Exercise: The material below includes pictures; leave them out and return only the lines between the line containing "Sixteen different molds" and the line containing "Naast de console", inclusive, word for word.

--- Provided material Enclosed Below ---

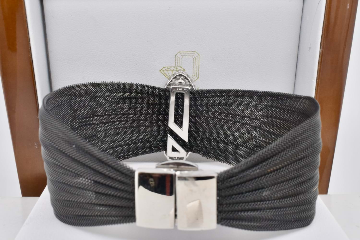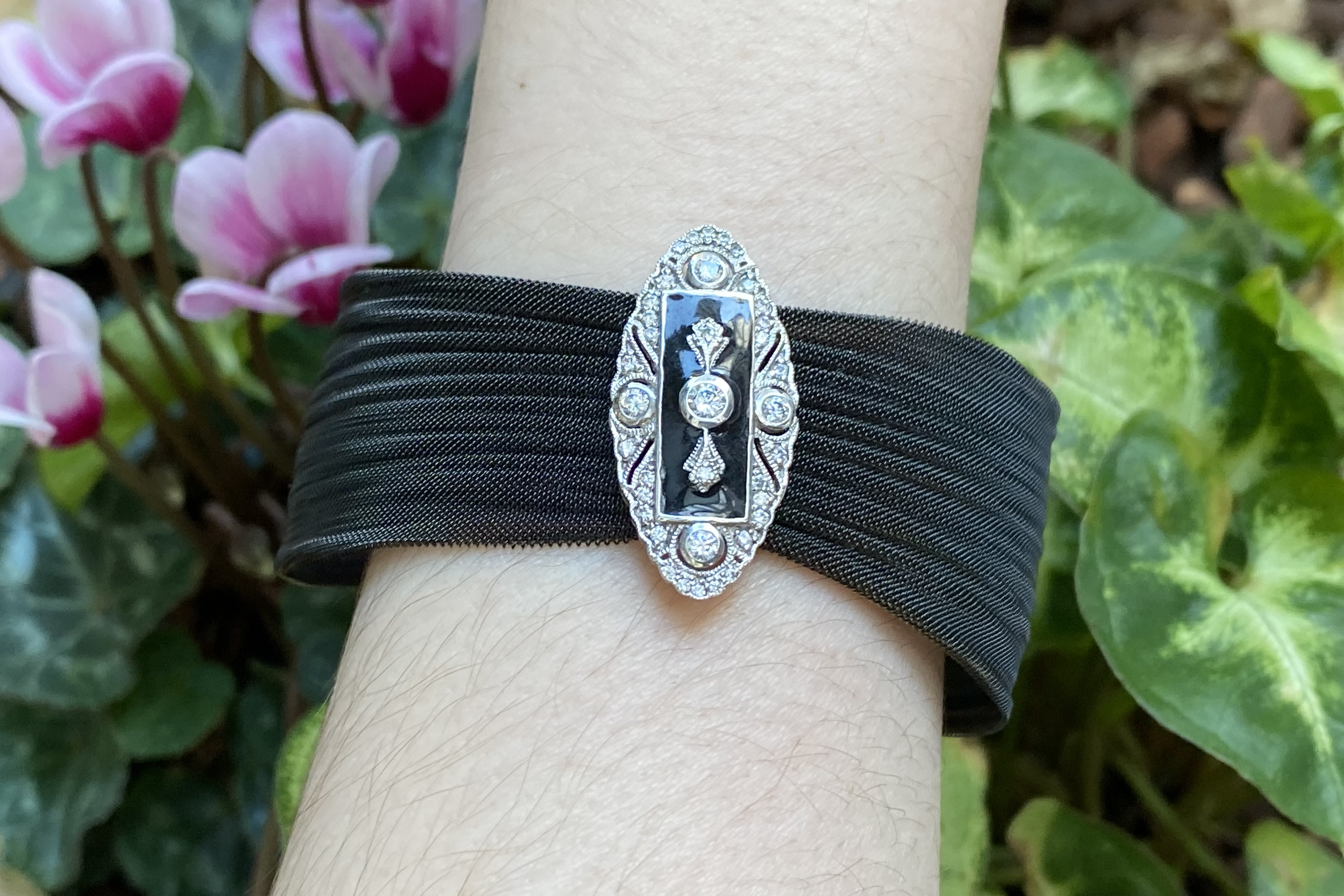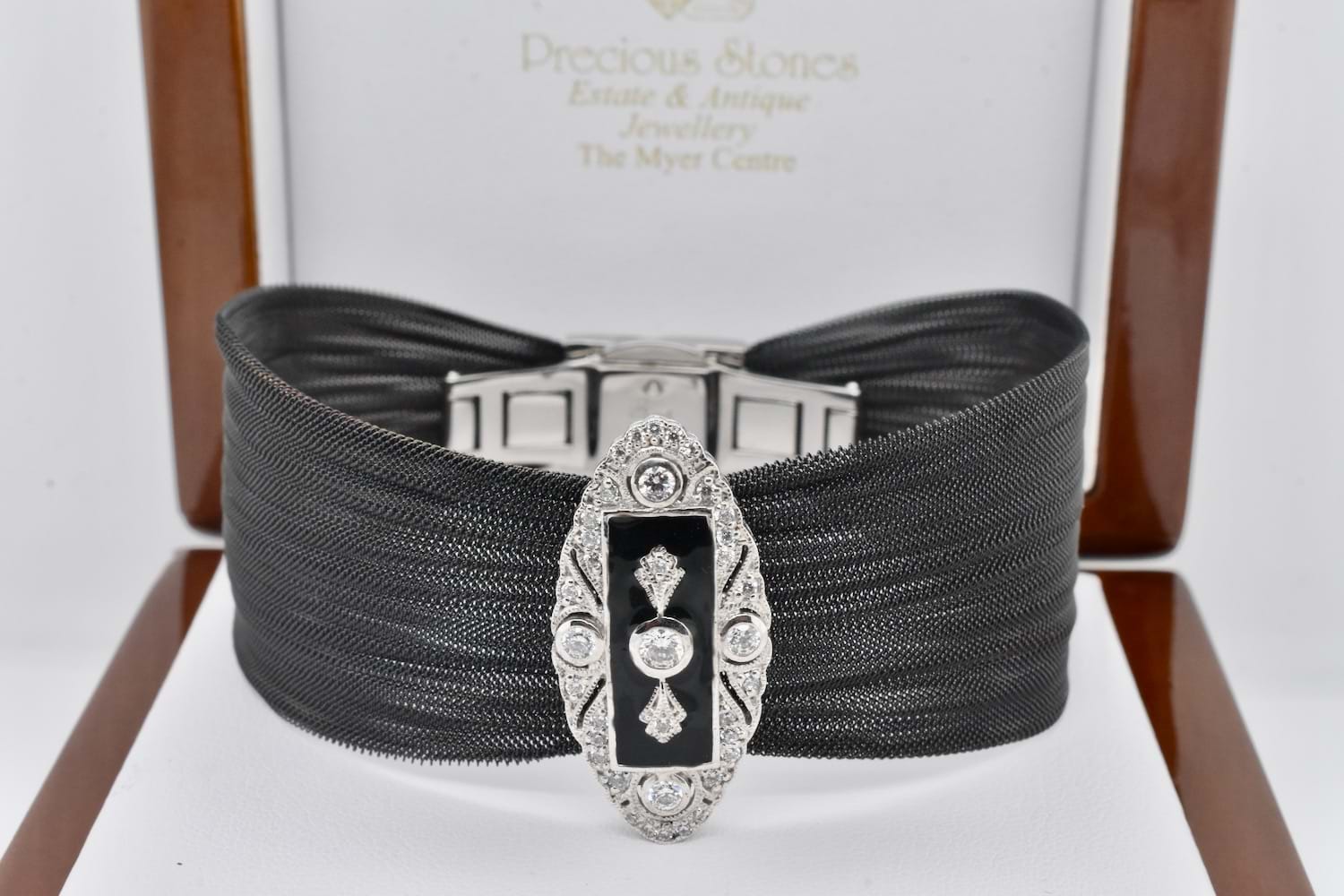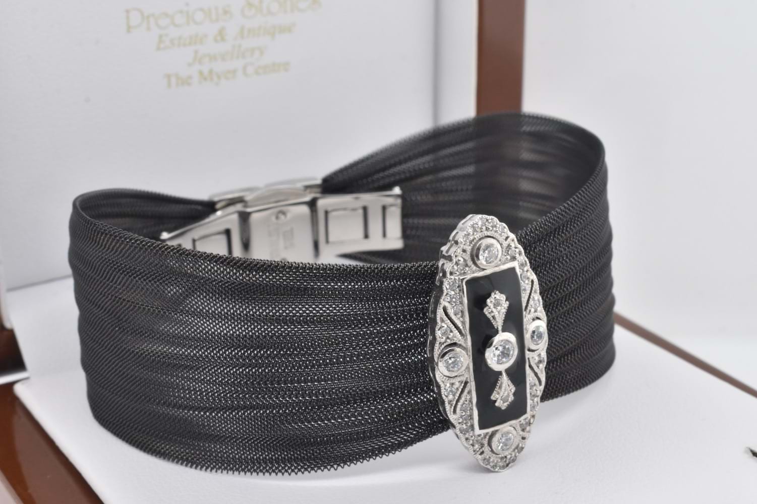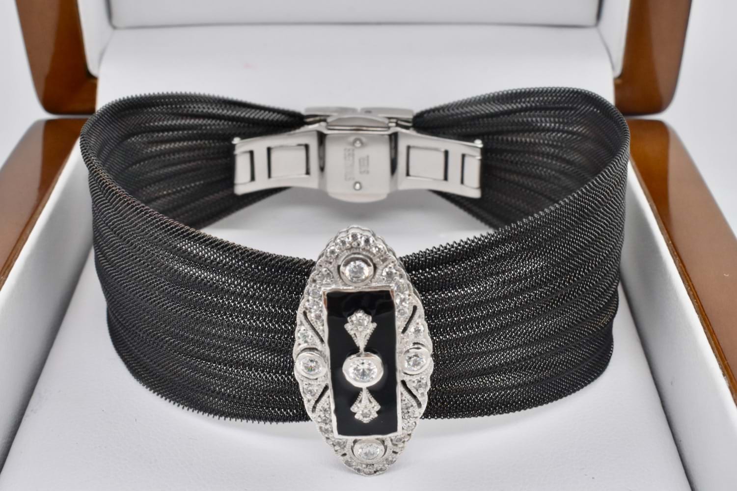 Striking black steel mesh bracelet with a sterling silver onyx and cubic zirconia plate feature in a very Art Deco inspired design
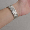 Sixteen different molds are required to manufacture this bracelet, whose design has been registered. The double finish, both glossy and satin, echoes that of the case and makes the central links stand out, providing elegance and balance. The butterfly clasp does not break the continuity of the design thanks to a perfect integration with the final central link.
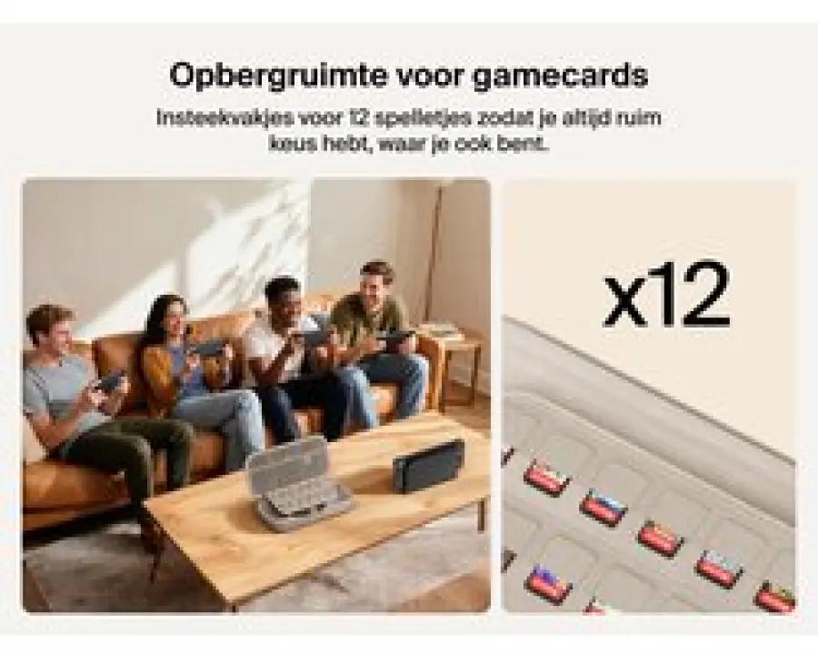 Naast de console biedt deze hoes ruimte voor maximaal 12 gamecards, netjes georganiseerd en beschermd. Ook is er een verborgen vak speciaal voor een AirTag, zodat je jouw Switch hoes altijd kunt terugvinden. Zo hoef je nooit meer te zoeken naar je kostbare apparaat.
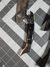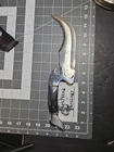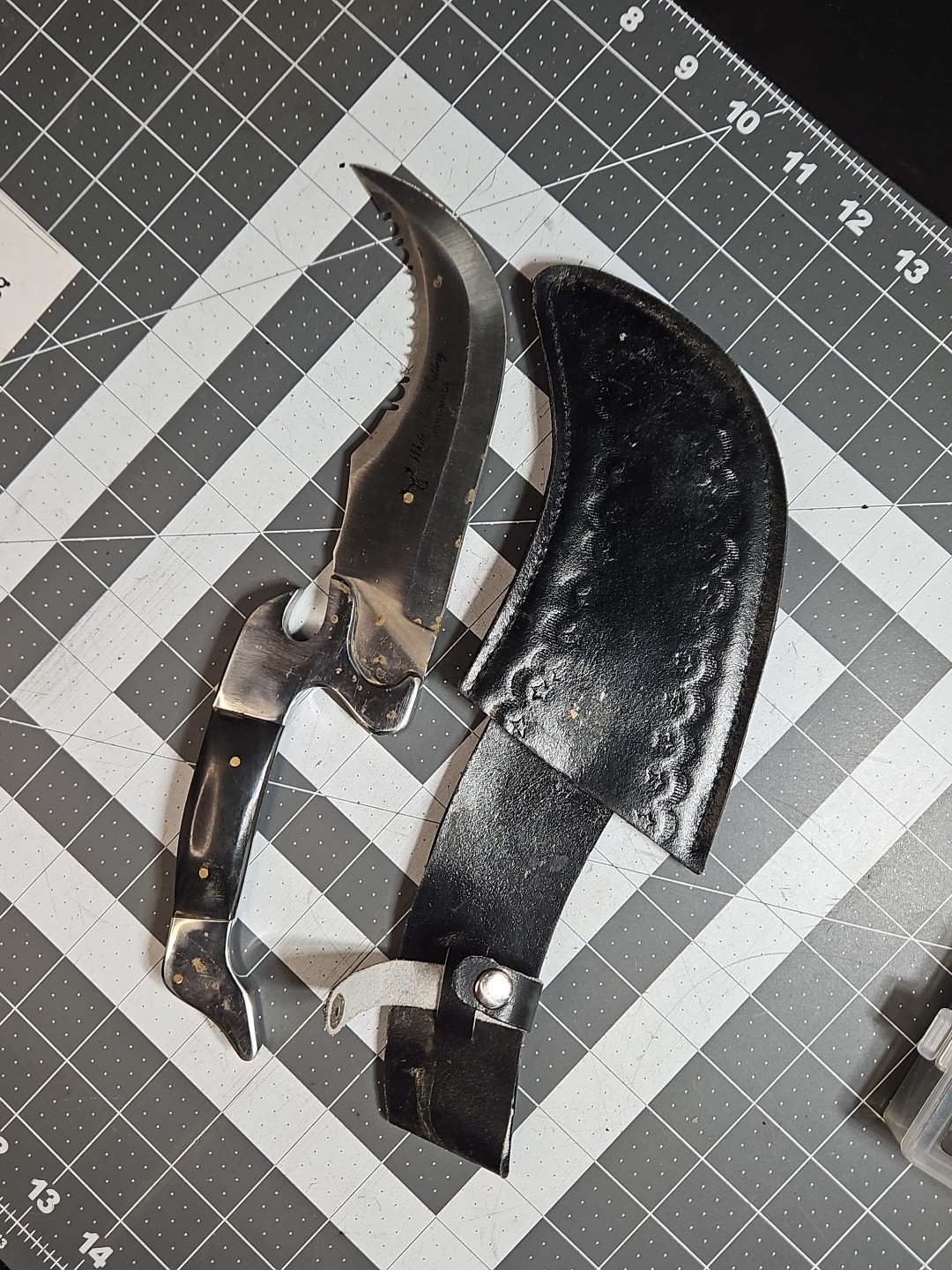 White Tail Cutlery Curved Hunting Knife Serrated Combination W Sheath Pakistan Patina and oxidation from age and use. Could use a deeper cleaning. Sold as seen. Product will be shipped timely and packaged with care. Offers are encouraged. Please feel free to reach out with questions. Please see pictures. Thank you. Good used condition. Light wear from age and use. Markings from age and use. See pictures This White Tail Cutlery hunting knife features a curved, serrated combination blade made of steel with a full tang for durability. The blade length is over 5 inches and the knife comes with a sheath for safe storage and transport. The handle material is unknown, but the knife is designed for ambidextrous use. The knife is an original piece and was manufactured in Pakistan. It is a modern, factory-manufactured fixed blade knife that would make a great addition to any collection. The blade color is white and the knife is perfect for hunting and other outdoor activities. MC7

--- End of Enclosed Provided material ---

Solved problem:
 Sixteen different molds are required to manufacture this bracelet, whose design has been registered. The double finish, both glossy and satin, echoes that of the case and makes the central links stand out, providing elegance and balance. The butterfly clasp does not break the continuity of the design thanks to a perfect integration with the final central link.
 Naast de console biedt deze hoes ruimte voor maximaal 12 gamecards, netjes georganiseerd en beschermd. Ook is er een verborgen vak speciaal voor een AirTag, zodat je jouw Switch hoes altijd kunt terugvinden. Zo hoef je nooit meer te zoeken naar je kostbare apparaat.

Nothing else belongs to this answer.